**Data extract:**
--- START ---

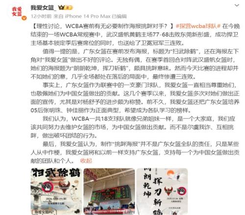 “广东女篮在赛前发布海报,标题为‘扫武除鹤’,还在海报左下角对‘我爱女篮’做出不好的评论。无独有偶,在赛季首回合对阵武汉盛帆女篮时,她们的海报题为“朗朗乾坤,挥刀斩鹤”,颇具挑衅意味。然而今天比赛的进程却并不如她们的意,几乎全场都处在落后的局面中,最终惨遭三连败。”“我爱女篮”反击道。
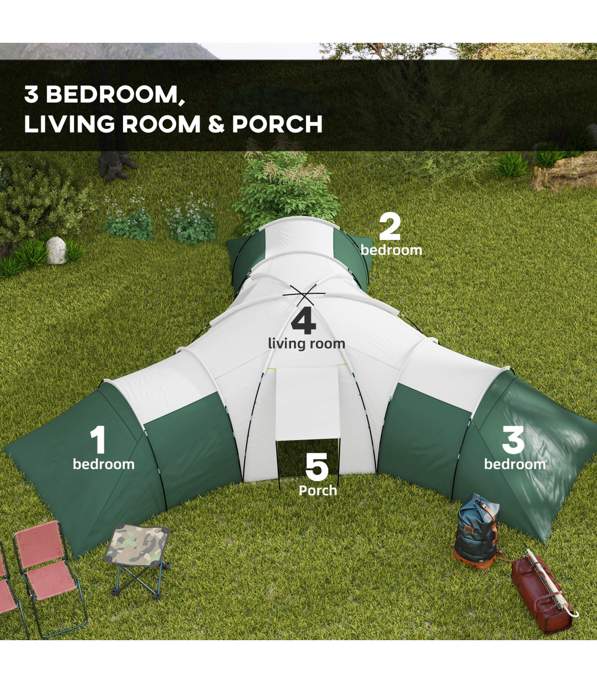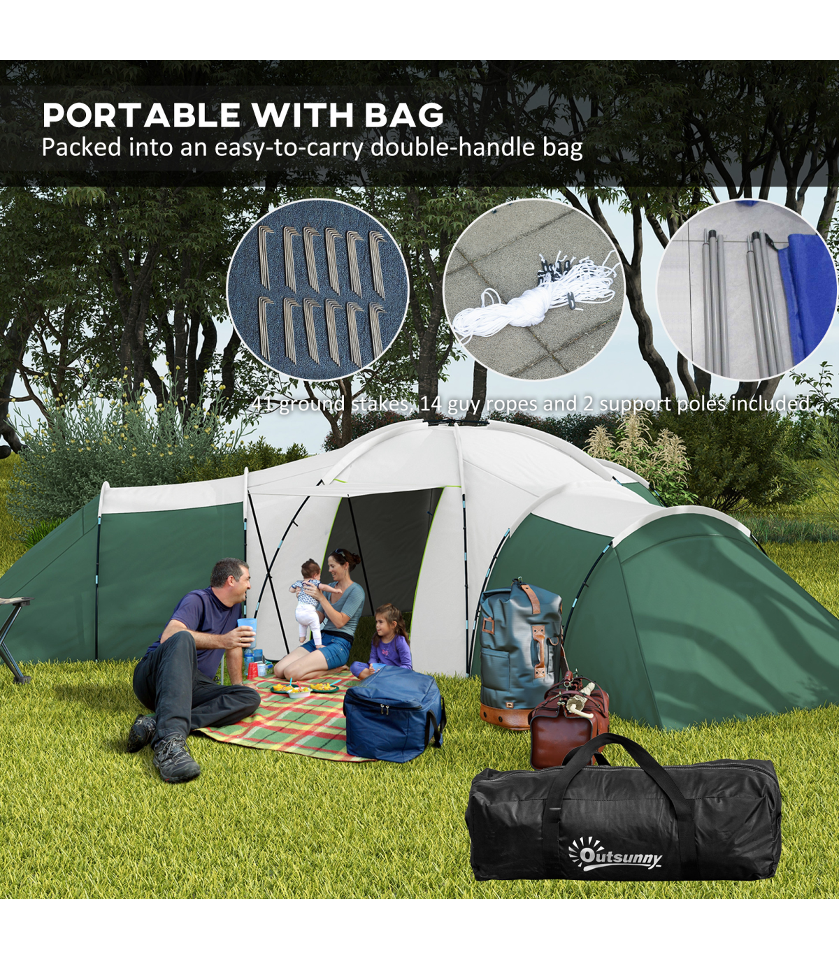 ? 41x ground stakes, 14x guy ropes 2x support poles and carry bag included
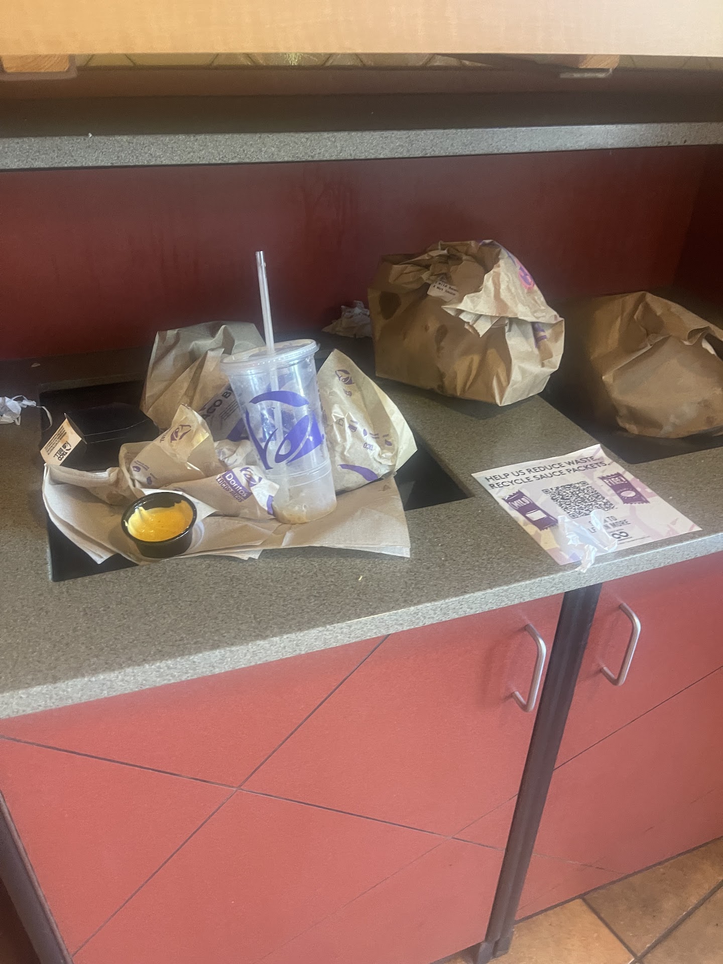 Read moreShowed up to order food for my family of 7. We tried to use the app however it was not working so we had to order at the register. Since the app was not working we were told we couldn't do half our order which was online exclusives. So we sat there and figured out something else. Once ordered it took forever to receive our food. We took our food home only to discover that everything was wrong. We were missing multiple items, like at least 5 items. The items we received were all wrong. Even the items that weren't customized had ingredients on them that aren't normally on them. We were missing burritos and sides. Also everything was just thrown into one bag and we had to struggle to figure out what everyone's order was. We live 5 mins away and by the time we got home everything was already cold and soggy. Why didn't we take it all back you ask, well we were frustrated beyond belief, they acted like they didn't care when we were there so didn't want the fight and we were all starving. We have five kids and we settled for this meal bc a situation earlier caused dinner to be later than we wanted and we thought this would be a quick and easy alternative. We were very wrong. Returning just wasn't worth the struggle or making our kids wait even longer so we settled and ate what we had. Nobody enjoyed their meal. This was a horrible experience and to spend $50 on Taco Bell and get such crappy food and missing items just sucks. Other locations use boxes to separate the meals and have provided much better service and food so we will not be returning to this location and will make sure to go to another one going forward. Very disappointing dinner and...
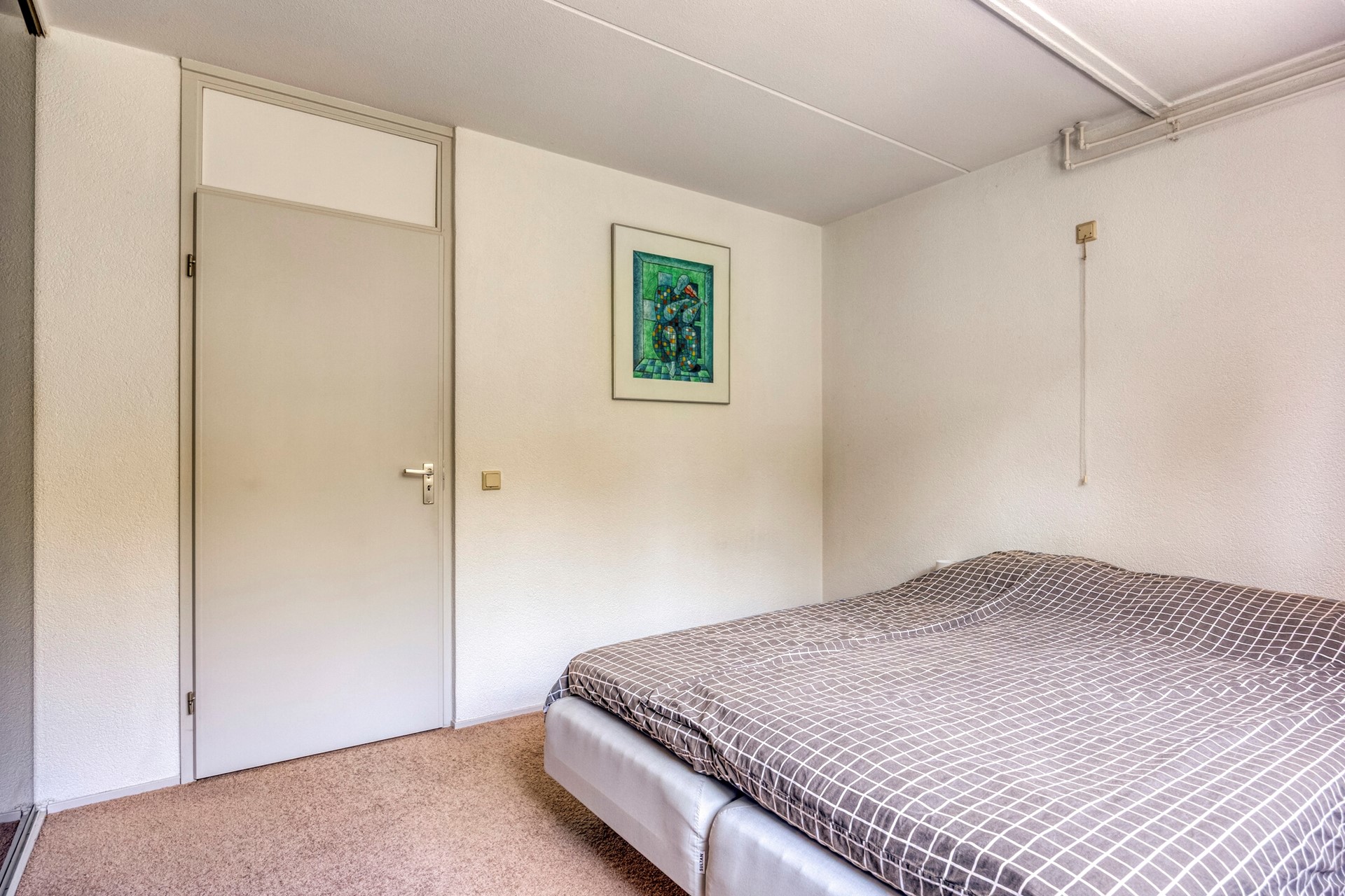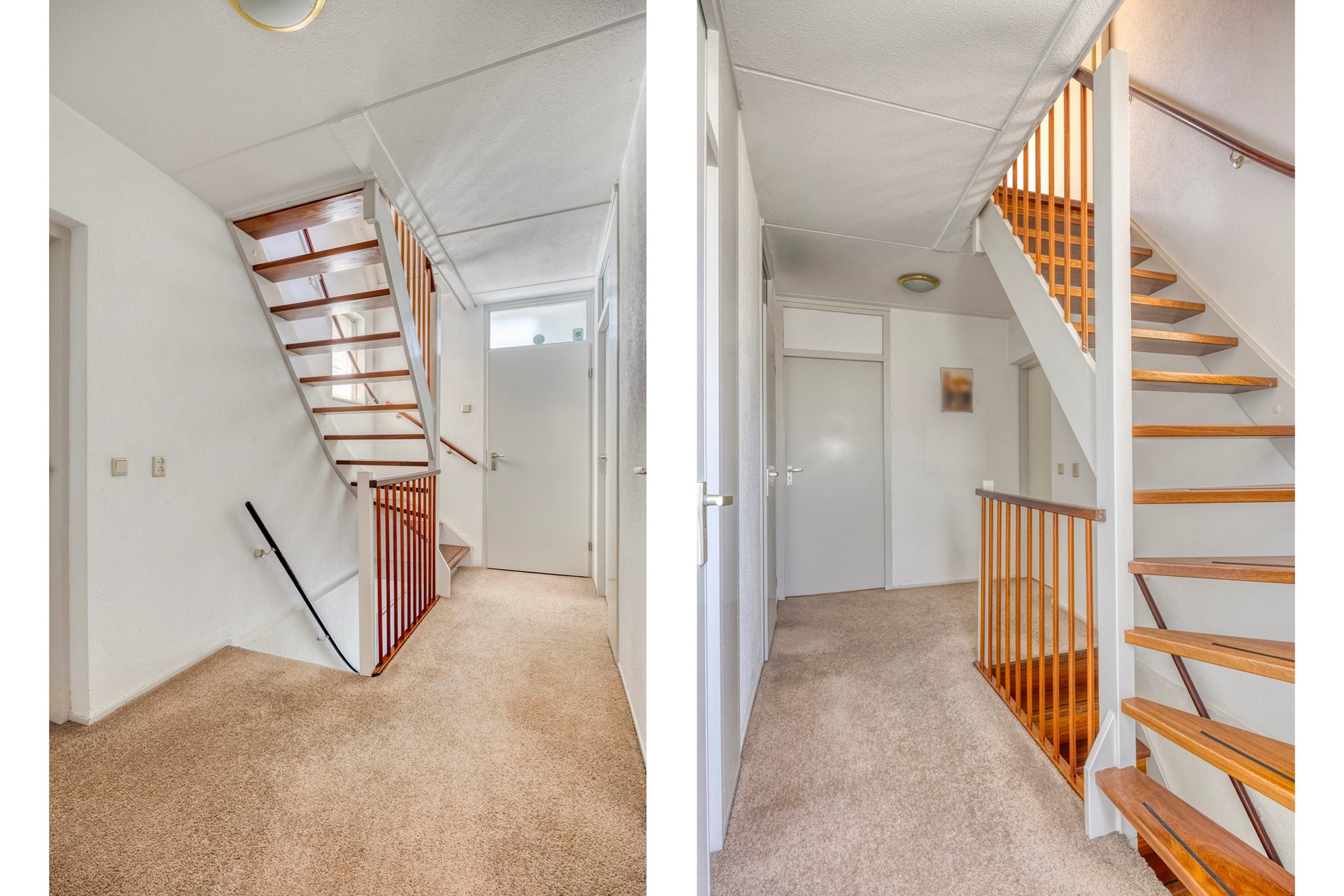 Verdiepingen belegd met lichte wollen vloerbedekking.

--- END ---

**Task statement:**
When copying the listing above, begin at its first line and stop after the line with "carry bag included", keeping each line exact and dropping the pictures.

**Your solution:**
 “广东女篮在赛前发布海报,标题为‘扫武除鹤’,还在海报左下角对‘我爱女篮’做出不好的评论。无独有偶,在赛季首回合对阵武汉盛帆女篮时,她们的海报题为“朗朗乾坤,挥刀斩鹤”,颇具挑衅意味。然而今天比赛的进程却并不如她们的意,几乎全场都处在落后的局面中,最终惨遭三连败。”“我爱女篮”反击道。
 ? 41x ground stakes, 14x guy ropes 2x support poles and carry bag included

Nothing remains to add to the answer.